- From: Jonas Sicking <jonas@sicking.cc>
- Date: Tue, 20 Aug 2013 00:48:55 -0700
- To: Janusz Majnert <j.majnert@samsung.com>
- Cc: public-script-coord@w3.org
- Message-ID: <CA+c2ei_6E5+_6-NEV7uxJ6hqm2vR5FwCR2VB98pVksBF3h_vvQ@mail.gmail.com>
On Aug 19, 2013 11:40 PM, "Janusz Majnert" <j.majnert@samsung.com> wrote: > On 2013-08-19 18:37, Jonas Sicking wrote: >> We still wouldn't be able to let offsets represent an offset in >> characters since the only way to know where in the file the 10th >> character is located is to read the whole file from the start. This >> performs very poorly once you try to read from the millionth character >> in a file. > > Yes, we would be able to let offset be expressed in characters.
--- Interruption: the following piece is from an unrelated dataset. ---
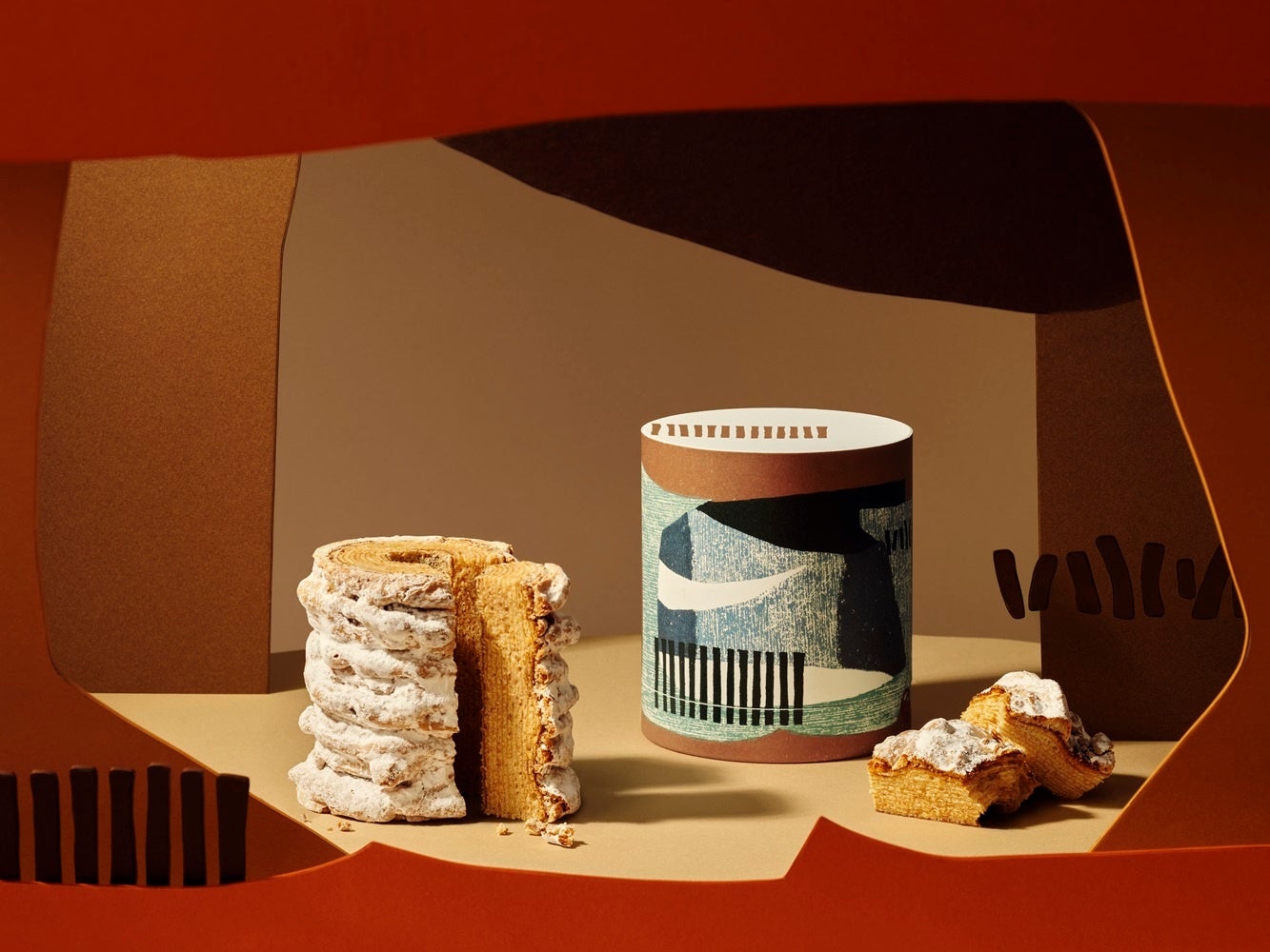 ザクザクとふんわりを楽しめる新食感のバームクーヘン。濃厚でコクのある冬の放牧牛乳を使ったしっとりバームクーヘンに、マカロン生地をかけて二度焼きし、木肌のように仕上げました。ふんわり、サクッとを同時に楽しめる新食感のマカロンバームクーヘンです。

Yes, you would have to read the file from the beginning to get to the 10th character. Would this really perform poorly? Yes, it would perform very poorly if you set the offset to 1000000 and do a read-modify-rewind-write. Implementations would be forced to keep complex caches to remember which text offsets map to which byte offsets as to not have to read from the beginning of the file over and over. And do complex logic for when to invalidate/update those caches as the file is being modified. All of this while the file is open. Caching between file opens would likely not be doable at all. > Are you saying that with TextEncoder/TextDecoder you don't have to read the file from the beginning, or that it somehow performs better? The difference is that operations that are expensive should look expensive. Simply setting the offset to 1000000 and reading one character does not make it obvious that 1MB of IO is happening. If we force authors to do all of that IO and converting themselves it is clear that it is an expensive operation. And applications would then be encouraged to do their own offset caching if needed. > IMHO, if you want to have a text-mode read() function, you need to accept that the performance will be worse than with plain read(), which is not a bad thing considering what that function would actually do. It is OK that text reading is a few percent slower. Or even twice as slow. It is not OK if it is several orders of magnitude slower because it requires the whole file to be read. >> I think my recommendation is to keep text support out of the spec for >> now and instead rely on TextEncoder/TextDecoder. We can always add >> text handling later or even in v2. > > Fine with me Cool. / Jonas
Received on Tuesday, 20 August 2013 07:49:23 UTC